Tras el mar de cabezas un hombre a caballo piensa en las indudables ventajas que tiene la muerte mientras se encasqueta aún más el sombrero y se afianza el pañuelo sucio sobre la cara. Un viento atroz sopla empeñado en descubrir las cabezas que atestan curiosas la calle y en enredarse en las faldas de las mujeres que llenan los portales de los comercios. El cadalso cruje con cada ráfaga y barre las maldiciones del reo, a quien dos alguaciles arrastran por los trece escalones de madera. Sobre ellos el nudo de la horca aletea como una bandera demente. El párroco trepa los peldaños con pasos de borracho, apretando la Biblia contra el pecho lleno de lamparones. Al llegar arriba tose, se tambalea, se frota el bigote, y abre la Biblia por un pasaje al azar. No parece gustarle, porque con la boca ya abierta pasa unas cuantas páginas, poco convencido.
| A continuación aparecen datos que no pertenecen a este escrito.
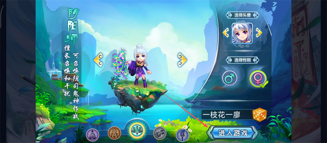 1、创建角色时,可选【阴阳师】职业,调整头像、性别,取好名字后点击【进入游戏】哦。
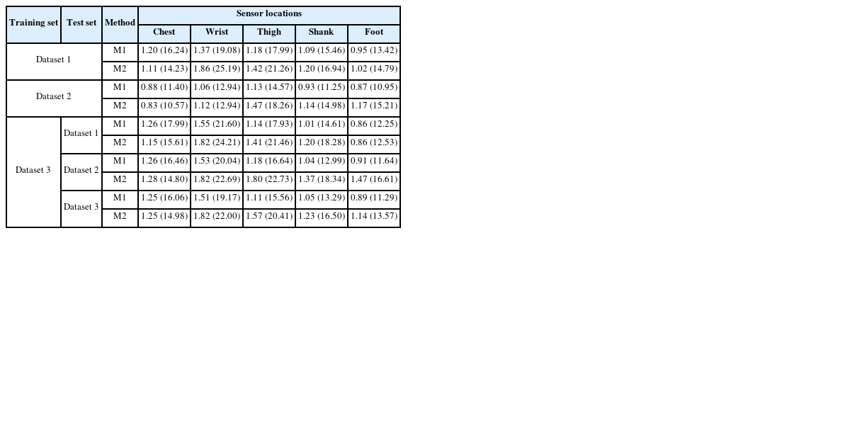 M1과 2의 성능을 비교하였을 때, Dataset 2의 학습 결과를 제외한 나머지의 결과에서 모두 M1의 성능이 우수하게 나타났다. M1은 각 보행 주기 동안의 데이터를 MLP 모델에 입력시키는 반면, M2는 일정 시간 동안의 시계열 데이터를 입력으로 받은 후에, LSTM을 통해 시간 흐름에 따른 센서 신호의 패턴을 찾아내는 방식이다. 보행 또는 주행은 입각기(Stance Phase)와 유각기(Swing Phase)가 반복되는 주기적인 동작이라는 점을 고려하였을 때, 일정한 시간의 데이터보다는 각 보행 주기 동안의 데이터에서 보행 조건별 패턴이 비교적 명확할 것으로 추측 가능하다. 따라서 에너지소모량 추정에 있어서 M1이 M2에 비해서 효과적인 것으로 판단된다.
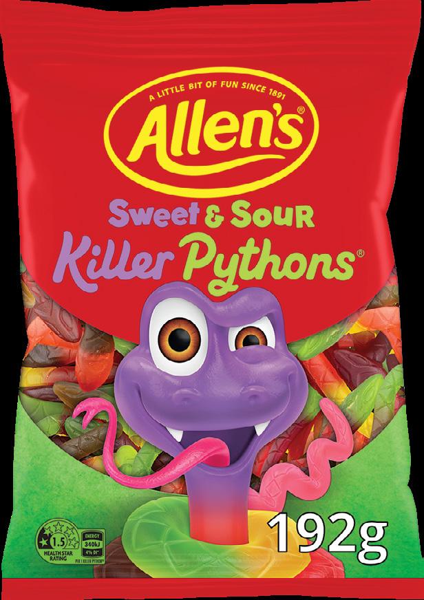 Slithering in with six new killer flavours – Raspberry, Cola, Creaming Soda, Sour Grape, Sour Watermelon, and Sour Lemon – the team behind Allen’s is on a mission to make life a little less sour. With some bites a little sweet, and some a little sour, every bite of the new Allen’s Sweet & Sour Killer Pythons is different from the last. The team at Allen’s believes that fun shared is fun doubled and these delicious sweet and sour delights are perfect for blind taste tests, knot-tying contests and sharing! Allen’s Sweet & Sour Killer Pythons are now available nationwide.
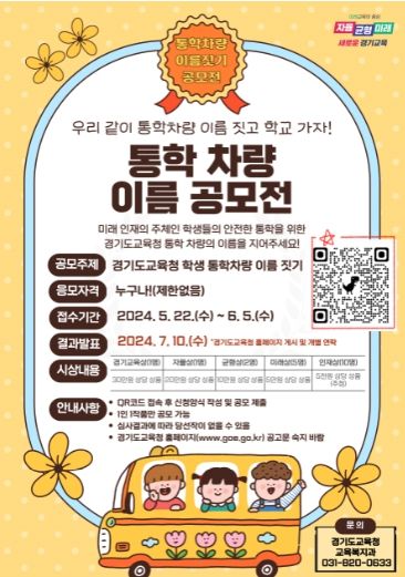 (중부시사신문) 경기도교육청이 5월 22일부터 6월 5일까지 ‘통학차량 이름짓기’ 공모전을 개최한다.
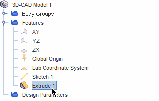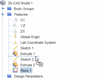 可以对特征树中特征的位置重新排序。依赖于另一个特征的特征不能移动到所依赖的特征之前。一次只能对一个特征重新排序。
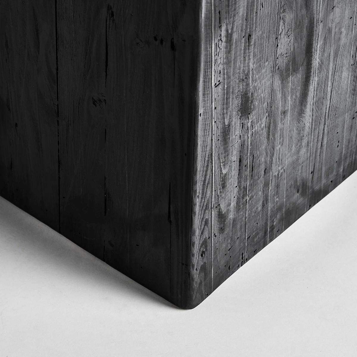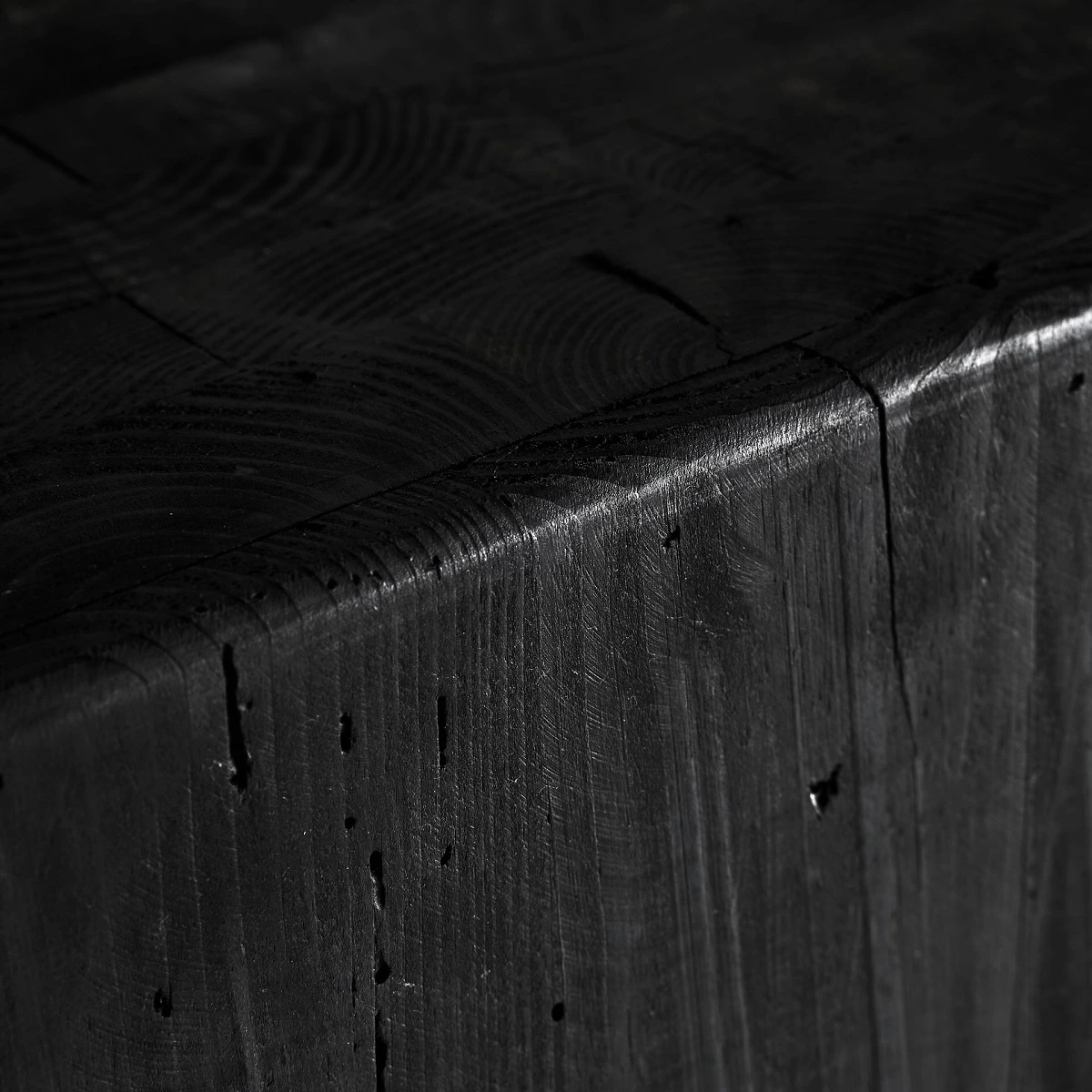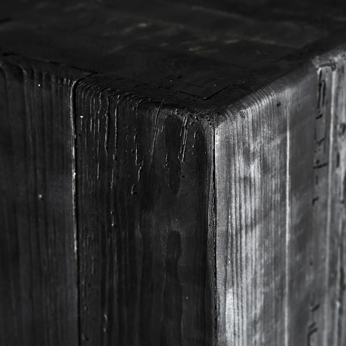 Drewniany postument dekoracyjny czarny, na ekspozycję wazonów i doniczek, na lampy i dekoracje, Vievy od Vical to esencja minimalistycznej elegancji i ponadczasowej formy. Wykonany z recyklingowanego drewna sosnowego w głębokim odcieniu czerni, urzeka swoją minimalistyczną prostotą podkreślając eksponowany przedmiot.
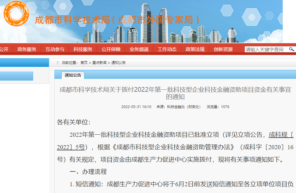 成都市科学技术局关于拨付2022年第一批科技型企业科技金融资助项目资金有关事宜的通知
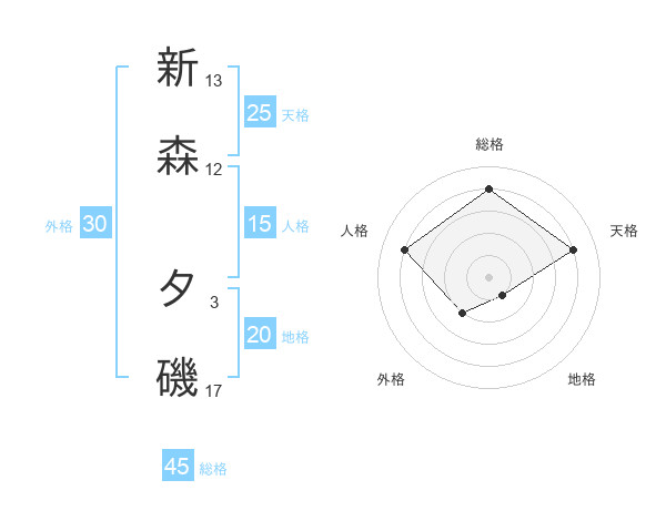 新森 夕磯さんの総格は45画の4点!

Luego intenta aplastar sin éxito su escaso pelo desordenado y finalmente lee: «Cuidad de no practicar vuestra justicia delante de los hombres para ser vistos por ellos; de lo contrario no tendréis recompensa de vuestro Padre celestial». Solo el viento desgarra el silencio hasta que el condenado grita que es inocente, sacudiendo la cabeza e intentando zafarse por última vez de los alguaciles. Le disuaden a golpes. Luego uno de ellos lo sostiene mientras recita los crímenes de Joseph Balder y el otro captura el lazo de la horca, que baila frente a sus narices, y se lo coloca alrededor del cuello. Lo aprietan, tensan la cuerda, retroceden dos pasos. —¿Tus últimas palabras? —pregunta uno de ellos. —Hijos de puta —responde el hombre. 15


Los alguaciles miran al verdugo, asienten y este tira de una palanca. Se abre la trampilla y el hombre cae, se rompe el cuello y muere. Un murmullo insatisfecho fluye con el viento por la calle atestada. El público hubiera preferido el pataleo y la asfixia a ese final tan rápido, tan poco espectacular. Los alguaciles se dan unas palmadas como para desprenderse el polvo y ayudan a bajar al párroco. Terminado el espectáculo de la justicia, la gente comienza a dispersarse rumbo a sus tareas diarias. El hombre a caballo espolea ligeramente al animal y avanza hacia los alguaciles, que se esfuerzan ahora en descolgar al ahorcado y tumbarlo en el suelo a la espera del sepulturero, que se aleja rumbo a su carreta, donde se encuentra el ataúd. El hombre a caballo mira la cara del muerto, sus cejas, su nariz, la forma de sus orejas, y sonríe tras el pañuelo. Se aleja con otro golpe de espuelas antes de que los alguaciles se fijen en él. Cuando llega frente al saloon desmonta, le arroja un par de monedas a un niño que se acerca para atarle el caballo y darle de beber y camina hacia la puerta. Junto a ella, prendido con una tachuela, un cartel ya obsoleto ofrece una recompensa de quinientos dólares por su cabeza. O por la cabeza del muerto. Lo arranca de la pared, lo dobla, se lo guarda en un bolsillo del abrigo y entra en el local atestado. Parpadea y se baja el pañuelo, acostumbrando los ojos a la oscuridad, camina entre las mesas y la multitud hacia la barra y hace un gesto al camarero, pidiendo un vaso de whisky. Se lo sirve. El brazo está razonablemente limpio. Bebe de un trago, y encarga otro. El camarero se lo rellena, le guiña un ojo y deja la botella al alcance de su mano.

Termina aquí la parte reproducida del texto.